Italian doctor uses stem cells to construct vagina
For the first time, an Italian doctor has constructed vaginas for two women using an enzyme to break down their own vaginal cells into stem cells, which were then used to build vaginal tissue. Both women were born with a rare congenital condition marked by the absence of a vagina.
Dr. Cinzia Marchese of Rome’s Policlinico Umberto I hospital, giving details of the operations on Wednesday, told Reuters a 28-year-old woman who underwent the first operation a year ago now has a healthy vagina. “She has got married and is living a normal life,” said Marchese, whose study has been published in the journal Human Reproduction.

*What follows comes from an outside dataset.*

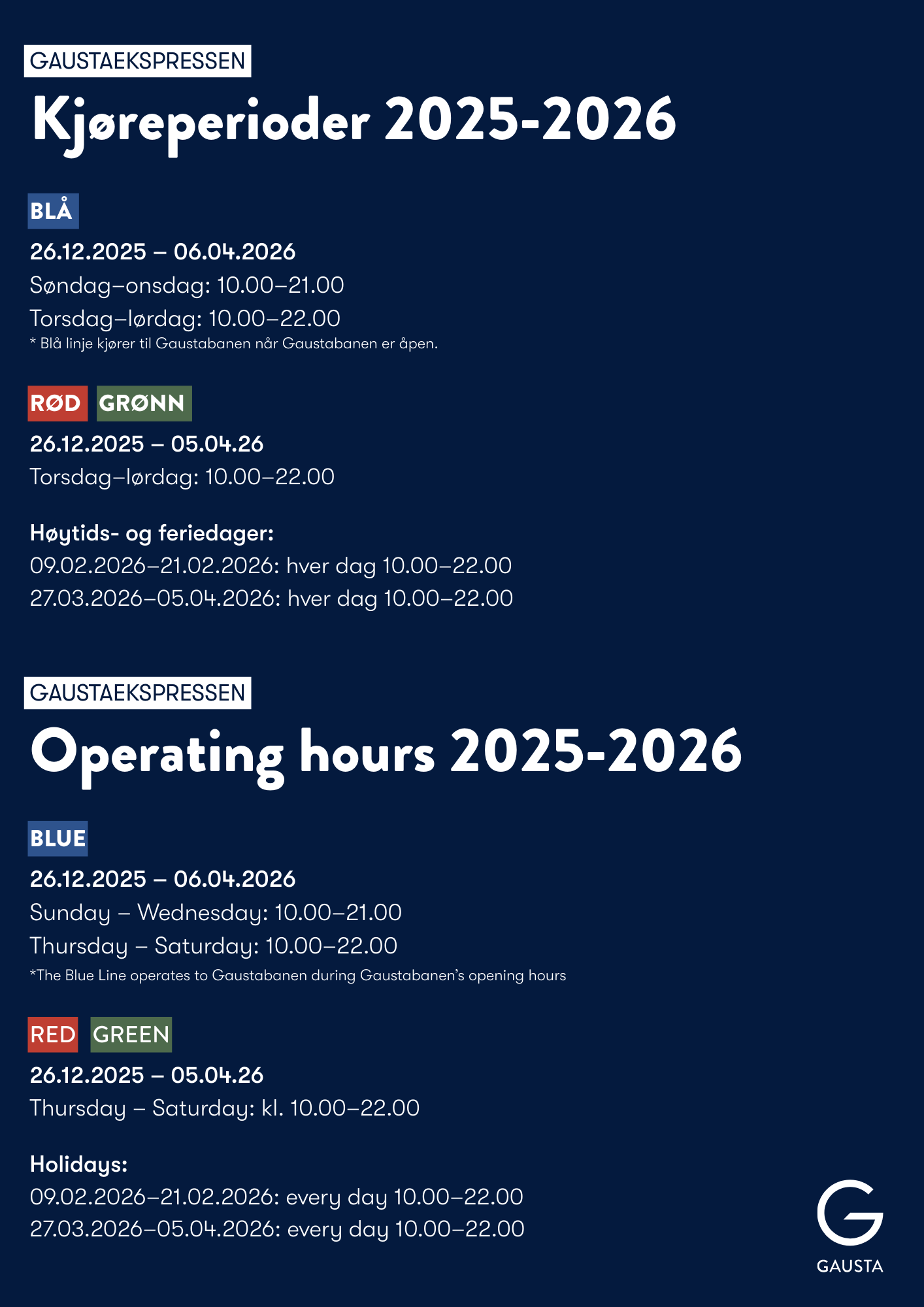 If you’d like to travel to Gausta by bus, there are express coaches to Rjukan every day from Oslo, with a transfer in Notodden. It’s also possible to take the train to Notodden and change to a bus from there. For the final stretch up the mountain, you can take the Fjellbussen (Mountain Bus) during selected periods, or take a taxi.
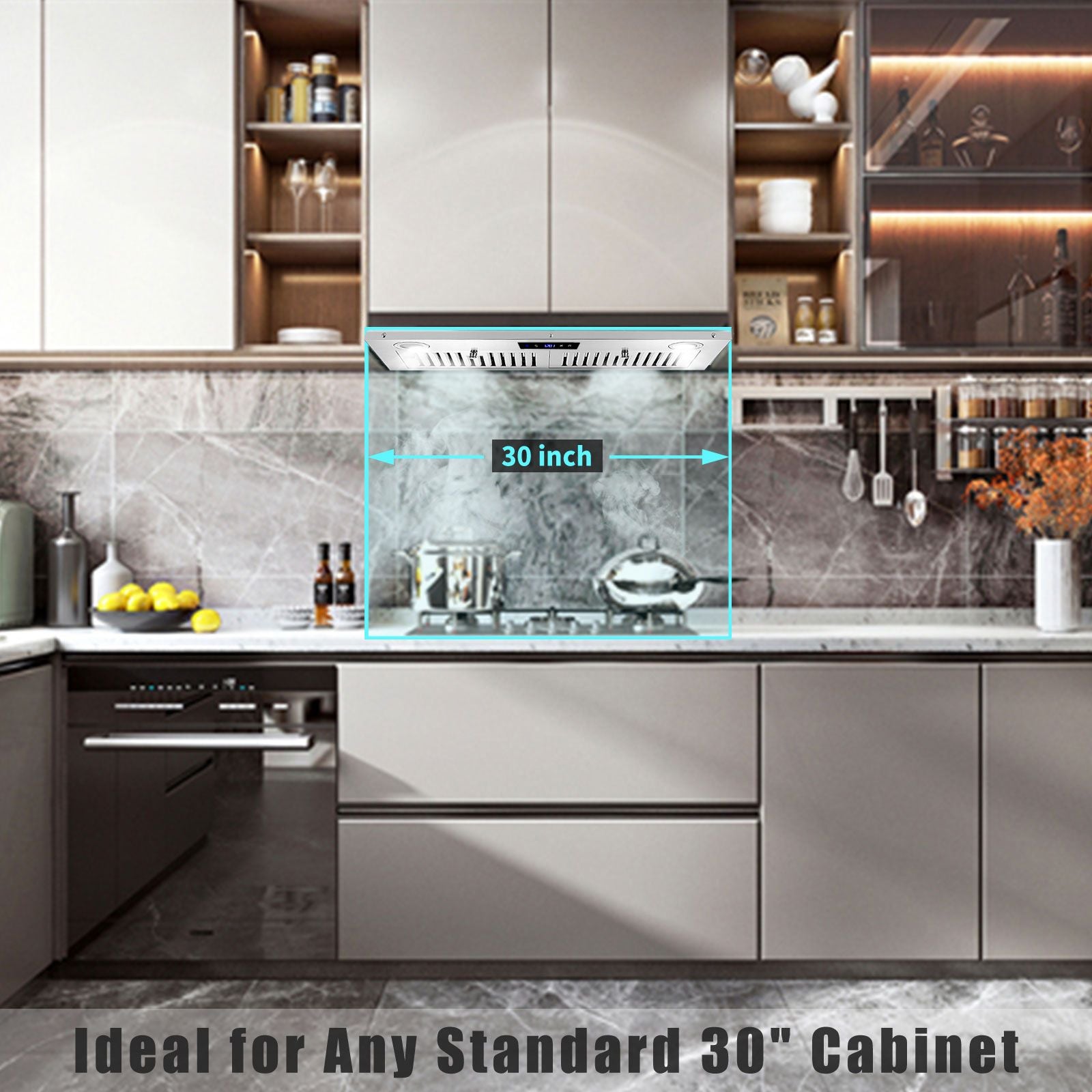 [Dishwasher Safe Stainless Steel Filters]Both baffle filters of insert range hood 30 inch were made from #430 stainless steel, with good corrosion resistance. Due to its good corrosion resistance, baffle filters can be auto-cleaned by dishwasher safely.

The second operation was carried out on a 17-year-old girl on Tuesday. Cells were taken by biopsy from the area where her vagina should grow and were used to grow mucosal tissue.
The two women had Mayer-Von Rokitansky-Kuster-Hauser Syndrome (MRKHS), which affects an estimated one in 4,000 to 5,000 female infants. Girls with this syndrome often have a normal uterus, ovaries and external secondary sexual organs such as breasts, but because they have no vagina, they cannot have sexual intercourse or give birth.
“Usually the syndrome is diagnosed when they are young and they try to have sexual intercourse for the first time and it hurts,” said Marchese.
Often embarrassed to talk about it with their parents, MRKHS patients often “live the rest of their lives with no normal sexual life, even though they are normal women with normal feelings”, she said.
So far, surgeons have been able to correct the condition by reconstructing a vagina out of grafted skin or from intestinal tissue, but the surgery is highly invasive, lengthy and painful. And it takes a long time to grow a normal mucosal wall.
Such women, if they have healthy ovaries, have been able to achieve pregnancy by artificial insemination but would then need a surrogate mother to carry the fertilized eggs and give birth.
“What we do is to take a little biopsy of 0.5 cm from the place the vagina should be,” Marchese said. They used an enzyme to break down the tissue and then let the stem cells, generate new, mucosal tissue on their own.
It took about 15 days to get a thick enough layer to transplant into the patients, Marchese said.
Marchese, a professor of clinical pathology and biotechnology, studied the use of stem cells to build sheets of skin in vitro to provide skin grafts for burn victims at Harvard Medical School with the technique’s pioneer, Howard Green.
“When I came back to Italy I modified this technique for mucosal vagina tissue,” she said, adding that its success could be good news for women with cancer and other vaginal disorders.